Azerbaijani President Ilham Aliyev (L), US President Donald Trump, and Armenian Prime Minister Nikol Pashinyan (R) shake hands after signing a peace treaty at the White House in Washington, DC, 8 August 2025. Photo: EPA/NATHAN HOWARD
The leaders of Azerbaijan and Armenia signed a peace deal at the White House in Washington on Friday as US President Donald Trump looked on, bringing to end decades of conflict between the two countries, Reuters reported on Friday.
“Thirty-five years they fought, and now they’re friends and they’re going to be friends a long time," predicted Trump, who sat between Azerbaijani President Ilham Aliyev and Armenian Prime Minister Nikol Pashinyan as they signed the painstakingly negotiated peace treaty.
Trump boasted of the benefits the peace deal was likely to bring not only to both countries, but also to the United States, which has been granted exclusive development rights to the Lachin Corridor, a strip of land connecting the long-contested region of Nagorno-Karabakh to Armenia, and which is to be renamed the Trump Route for International Peace and Prosperity.

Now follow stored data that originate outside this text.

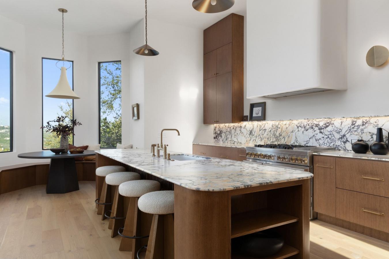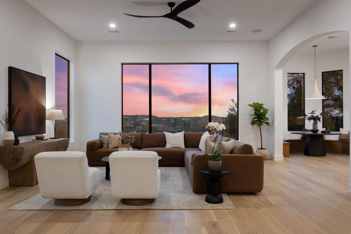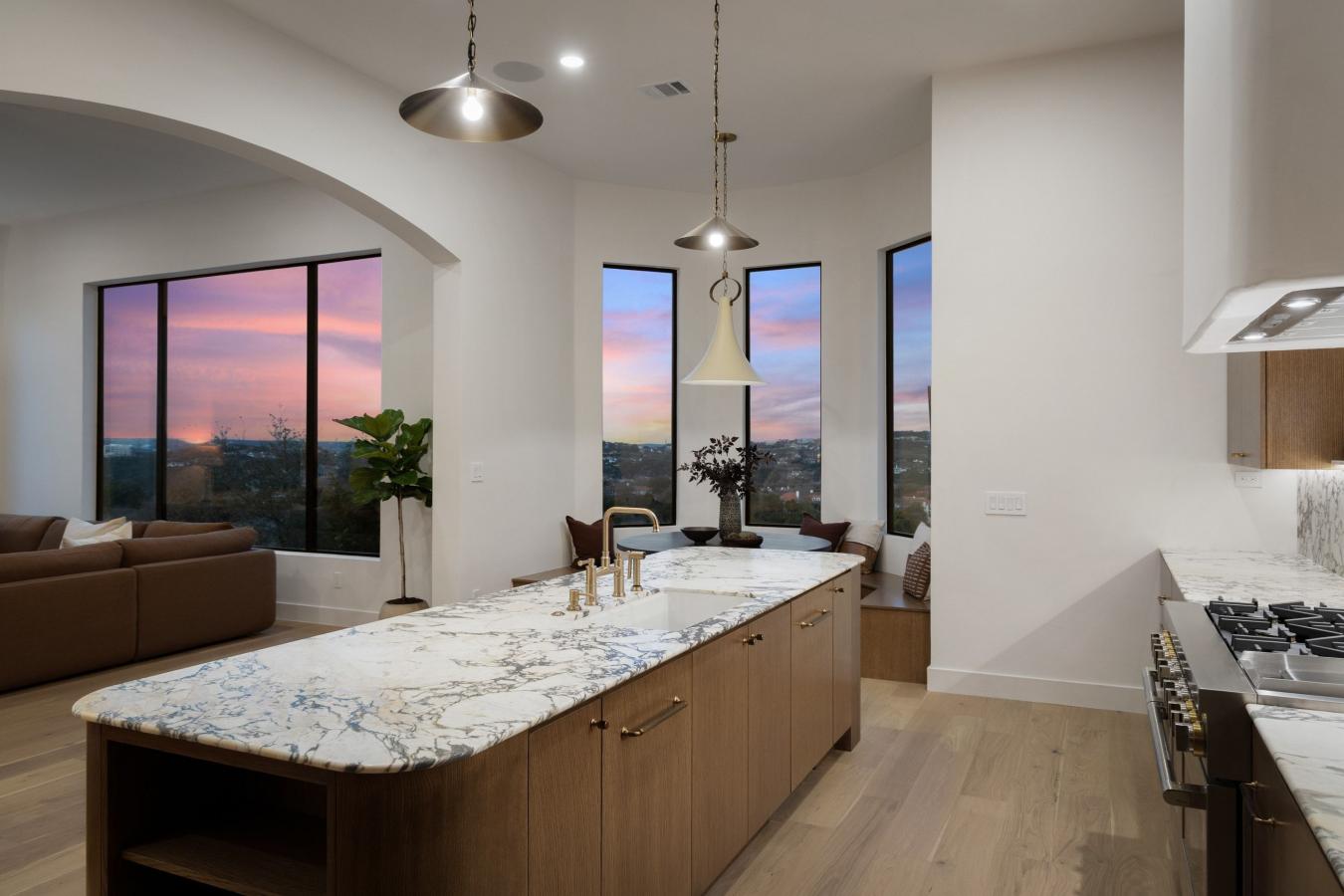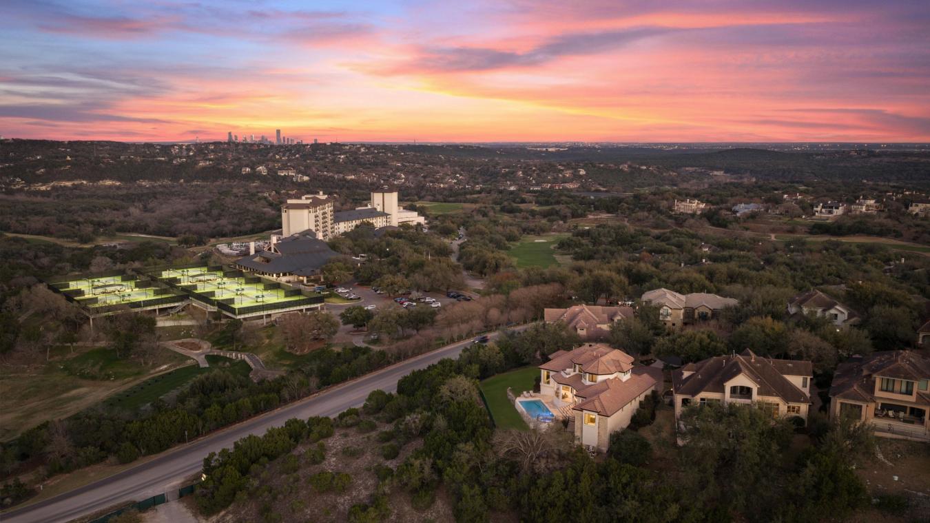 The Villa on Governors Hill is a rare offering in Barton Creek, defined by sweeping 180-degree views, refined design, and exceptional privacy. Set within a secure gated enclave, this residence delivers an elevated lifestyle where sophistication meets everyday comfort. Situated on a .55-acre lot, the fully reimagined 4,147-square-foot home is the result of a 7-figure collaboration between New Edge Renovations and Begonia Designs, with meticulous attention to detail throughout and finishes often reserved for homes twice this price. Wide-plank French white oak floors run seamlessly across the home-no carpet in sight-complemented by custom windows and doors, including striking arched black steel entry and office doors. Designer lighting, updated plumbing fixtures, custom lighting design, and integrated Sonance surround sound by Sonos create a polished, turnkey experience built for both entertaining and effortless living. The oversized heated pool captures panoramic views and has been completely renovated with new heating and cleaning systems, new tile, and fully replastered pool and spa surfaces-delivering a resort-level backdrop for gatherings or sunset evenings. Inside, an open-concept layout flows naturally into a chefs kitchen outfitted with a JennAir appliance package, dedicated wine and beverage refrigeration, and an oversized island topped with Capanelli marble imported from Italy and curated specifically for this home. Custom cabinetry reaches to the top of the 20 ceiling height and conceals a functional butlers pantry with direct access for caterers or those important Costco runs. The pantry features prep space, a wine refrigerator, and a steam/speed oven. With four bedrooms and four baths, including a private study with direct access to the primary suite, the floor plan offers both functional work-from-home flexibility and private retreats for guests. The primary bath is finished top to bottom in micro cement, which is as functional as it is beautiful. Residents enjoy access to community amenities including a clubhouse, pool, and tennis courts, along with a Barton Creek Country Club social membership. World-class golf sits directly across the street. All just minutes from the best of Austins renowned dining, boutique shopping, cultural experiences, and endless outdoor recreation.
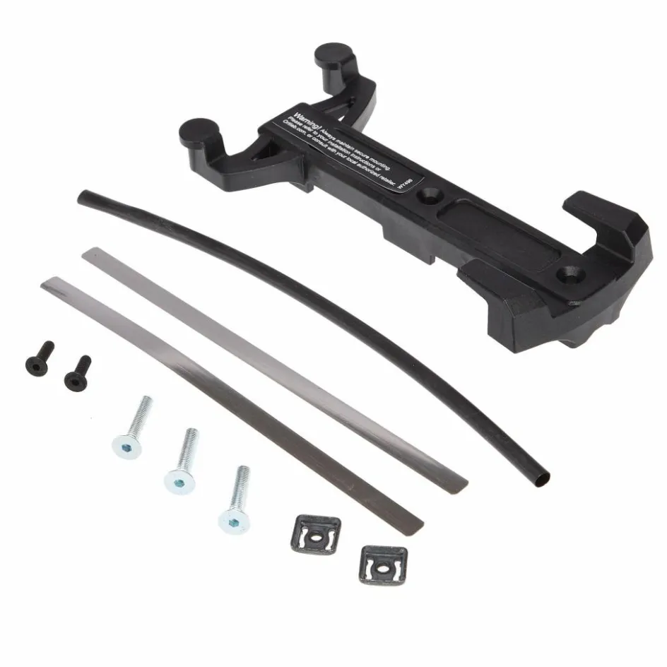 Bei einer Gabel ohne spezielle Schraubenaufnahmen muss der Gabeldurchmesser konstant bleiben (sich die Gabel also nicht verjüngen), damit der Adapter zuverlässigen Halt findet. Federgabeln eignen sich für diese Befestigungsart. Oder auch dein Scooter! Die Rohre müssen hierfür einen konstanten Durchmesser von 30 mm bis 42 mm haben.
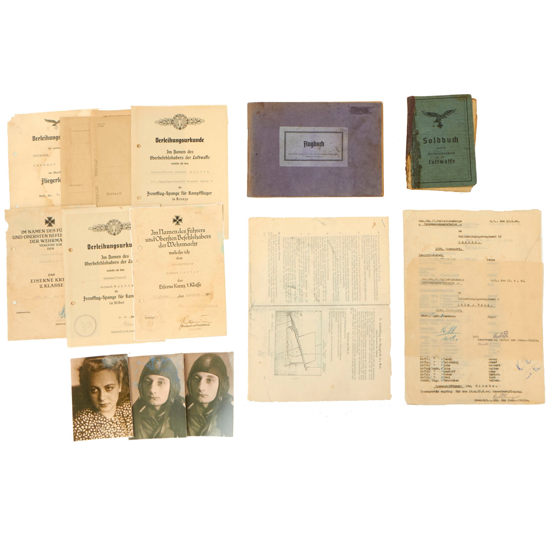 There are also award documents for the Iron Cross 2nd Class, Iron Cross First Class, Front Flying Clasp for Bombers Bronze Grade, Front Flying Clasp for Bombers Silver Grade, and the Air Gunner's Badge. Wuttke was a veteran soldier who flew on over 60 missions and was well decorated. Included with the documents are two identical photos of Wuttke in his flight helmet and gear, as well as a picture of what we assume is his wife.
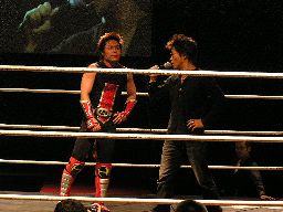 まず大鷲がボックス片手に入場(右写真)。「言っとくが、俺はXじゃないぞ。」いやはや。
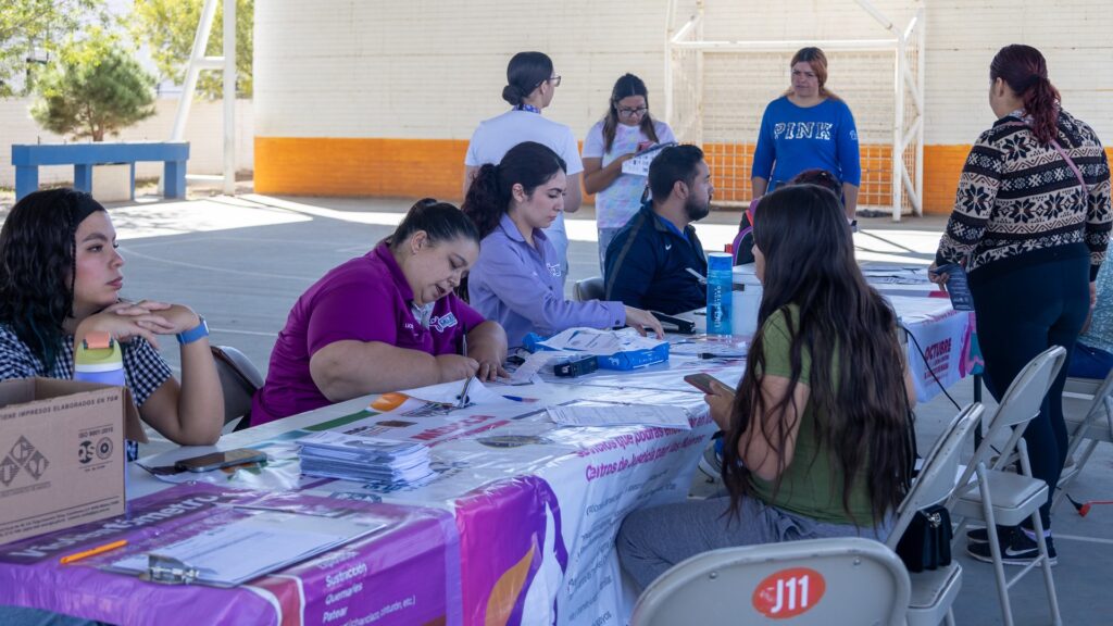 Cd. Cuauhtémoc, Chih.- Se realizó la primera Feria de Servicios de Salud para las Mujeres, con motivo del mes rosa y la prevención contra el cáncer de mama y cérvicouterino. Se llevó a cabo en la primaria Tres Culturas, en la colonia Los Alcaldes.
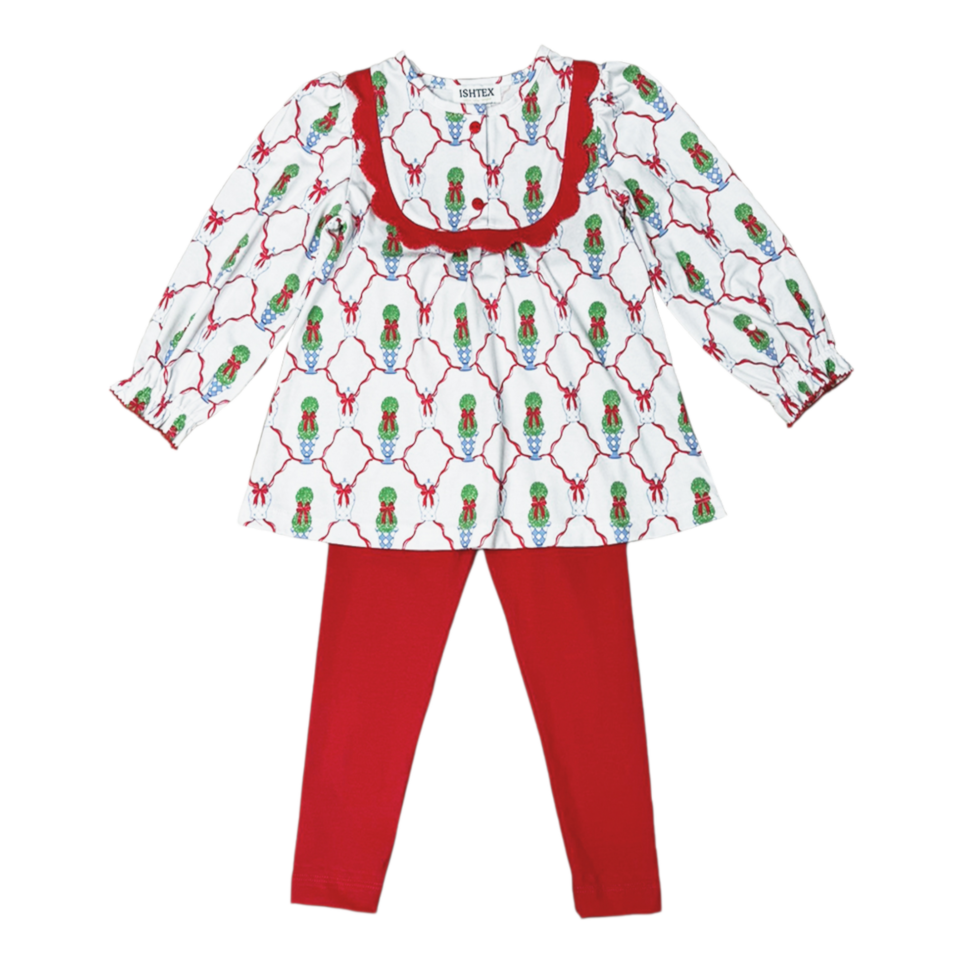 Delight in the timeless elegance of this holiday topiary legging set from Ishtex Textile Products' Fall/Winter 2025 collection. This set is beautifully crafted for little girls, offering a blend of style and comfort that is perfect for any occasion from casual outings to special events.
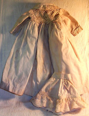 Antique Muslin and Lace Doll Dress and 1/2 Slip
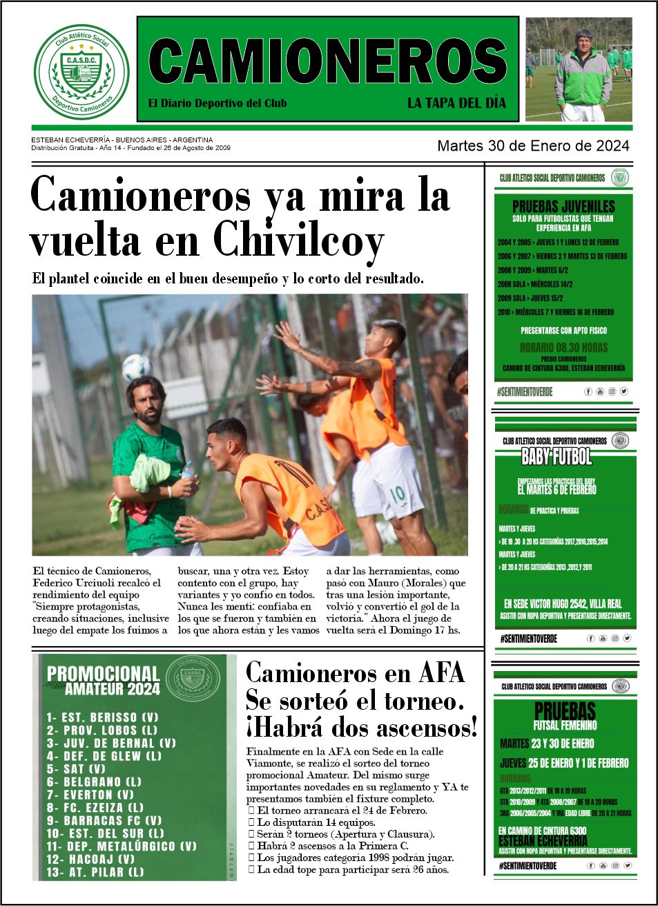 CAMIONEROS CRECE: Además de la activación cada 30′ informando sobre todas las actividades del club, sumamos el boletín de cancha, ahora anexamos LA TAPA que incluye los títulos más importantes de todo aquello que vamos compilando.

The peace agreement, which has been the subject of months of negotiations facilitated by Washington, creates a new transit corridor between Azerbaijan to and Nakhchivan, an Azerbaijani region surrounded by Armenian territory whose exclave status has long been a sticking point in discussions between Baku and Yerevan.
Azerbaijan and Armenia have been in conflict for almost four decades over Nagorno-Karabakh, a disputed region located within Azerbaijan despite its population being made up of an ethnic Armenian majority.
After three decades of the contested region of Karabakh being run by Armenia, Azerbaijan retook it in a surprise invasion in September 2023, leading to the mass exodus of some 100,000 ethnic Armenian residents.